### Work request
Return, from the data that follows, each line that holds the word "YouTube".

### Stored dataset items
*** Block opens ***

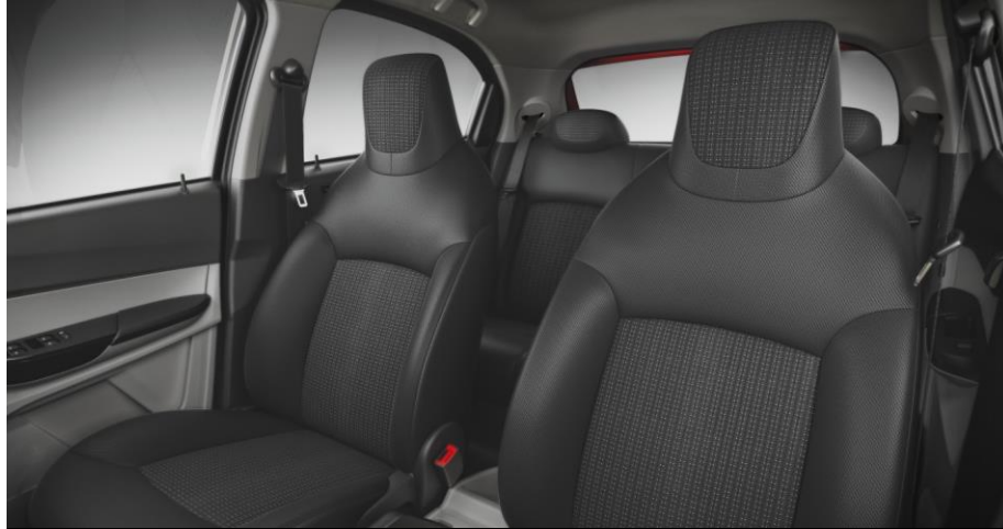
New patterned seat fabric
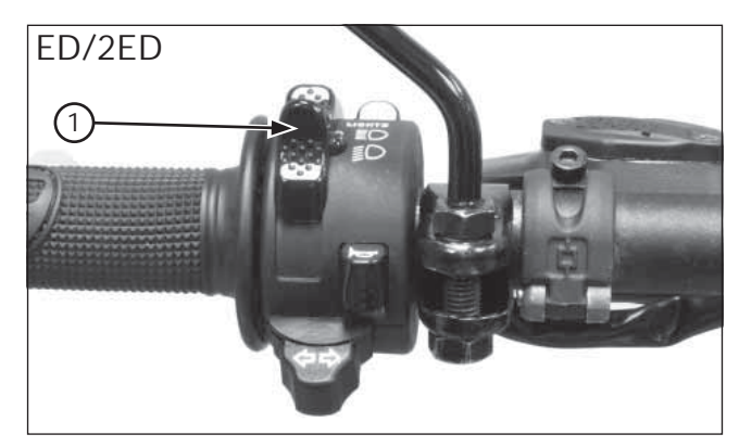
(1) HEADLIGHT DIMMER SWITCH
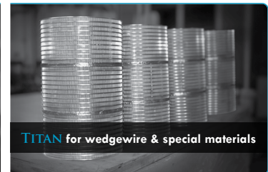
TITAN for wedgewire &amp; special materials

Titan FCI manufactures special screens and baskets for extreme pipeline conditions. Pictured above are screens made of wedgewire straining material which provides great strength and durability while maintaining a large open-area ratio.
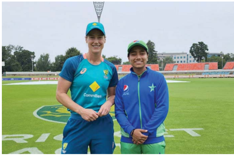
Earlier after the final ODI of the three-match series, Australia Women's Team shared a video on Twitter in which Sana could be seen requesting Jonassen to introduce her to Perry. "Can I talk to Perry?" asked Sana to

Australian veteran admired Sana's dedication towards the game and her bowling besides sharing useful bowling tips with the youngster.
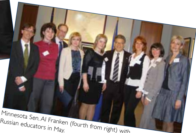
Minnesota Sen. Al Franken (fourth from right) with Russian educators in May.
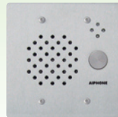
IE-SS Stainless Steel Flush mount
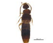
BIOUG05567-B08 [Dorsal] Amischa BIN URI: BOLD:ABA5313
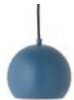
Matt petrol blue. Art.no. 100164 Black fabric cord
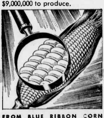
FROM BLUE RIBBON CORN Hiram Walker pays premium prices for corn as rich in flavor as Ten High itself. If a shipment fails to meet Hiram Walker's high standards, it is rejected.
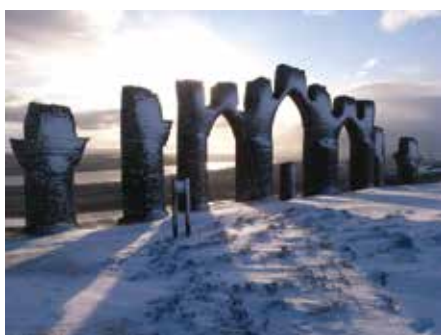
The Fyrish Monument in December by Reg Tait
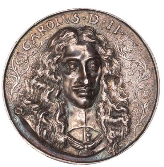
Charles II, Coronation , a hollow silver cast medal, unsigned [by P.H. Van Gelder], CAROLVS . D . I ., bust of Charles I three-quarters left, long hair falling over lace collar, rev. CAROLVS . D . II ., bust of Charles II almost full facing, long hair falling over shoulders, wearing medal on broad riband, field both sides decorated with tracery of flowers, 50.37g, 69mm (MI 449/33; E 209 note). Air hole in edge at 12 o'clock, good very fine and very rare
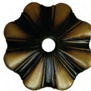
D-07 Cuero cepillado Mat shaded flemish
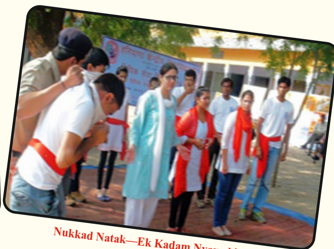
Nukkad Natak—Ek Kadam Nyaya ki Aur...
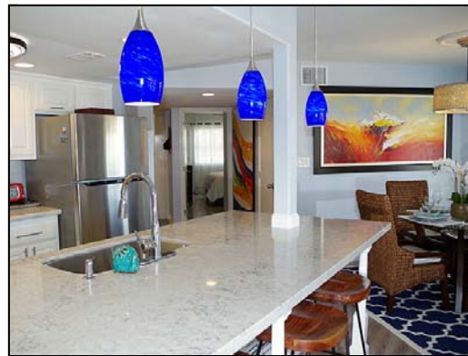
Kitchen Totally remodeled kitchen!
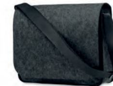
Baglo MO6186 RPET felt messenger or laptop bag with hook and loop closure. Fits a 15 inch laptop.
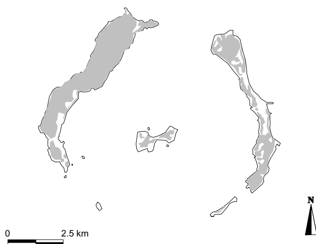
Fig. 4. – Distribution of the favourable habitats for G. p. gambiensis on Loos islands (obtained from Landsat 7TM interpretation).

ecology of G. p. gambiensis on Loos islands is very different from what is known in the West African humid savannah area, where they are mainly found in the riverine vegetation (Buxton, 1955; Bouyer et al. , 2005). Here, they show a two dimensional distribution versus a linear distribution in the humid savannah areas (Bouyer, 2006). During the dry season, tsetse appeared to be limited to the secondary forests, palm and mango-trees plantations which represented 72 % of the total surface (10.72 sq.km vs 14.83 sq.km) (Fig. 4). During the rainy season, tsetse may be found almost everywhere, with a relative hygrometry superior to 60 %, even in the drier areas.
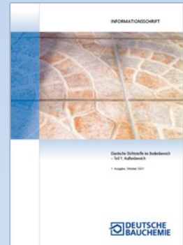
Information Script „Elastische Dichtstoffe im Außenbereich – Teil 1: Außenbereich“ (soon available in English)

» https://deutsche-bauchemie.de/publikationen/deutschsprachige-publikationen
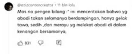
Figure 4 Netizen Comment 18 (Bunga Abadi, YouTube)

In the song "Bunga Abadi," the flower symbol serves as an emotional bridge between the singer and listener, as it is interpreted as representing the sincerity and eternity of love, capable of creating emotional closeness. Rio Clappy, via TREBEL Music's official TikTok account (August 31, 2024), explained that the song stems from his own experiences of love and emphasizes the importance of appreciating the presence of a loved one, as reflected in the lyrics, "what is the meaning of everything created without their presence here?" Analysis of netizen comments on YouTube also indicates an emotional connection formed through the flower symbol, where listeners feel the song's message of eternal love resonates with their own emotional experiences.
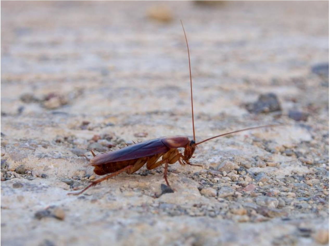
P. americana , view from side

*** Block closes ***

### Answer section
Figure 4 Netizen Comment 18 (Bunga Abadi, YouTube)
In the song "Bunga Abadi," the flower symbol serves as an emotional bridge between the singer and listener, as it is interpreted as representing the sincerity and eternity of love, capable of creating emotional closeness. Rio Clappy, via TREBEL Music's official TikTok account (August 31, 2024), explained that the song stems from his own experiences of love and emphasizes the importance of appreciating the presence of a loved one, as reflected in the lyrics, "what is the meaning of everything created without their presence here?" Analysis of netizen comments on YouTube also indicates an emotional connection formed through the flower symbol, where listeners feel the song's message of eternal love resonates with their own emotional experiences.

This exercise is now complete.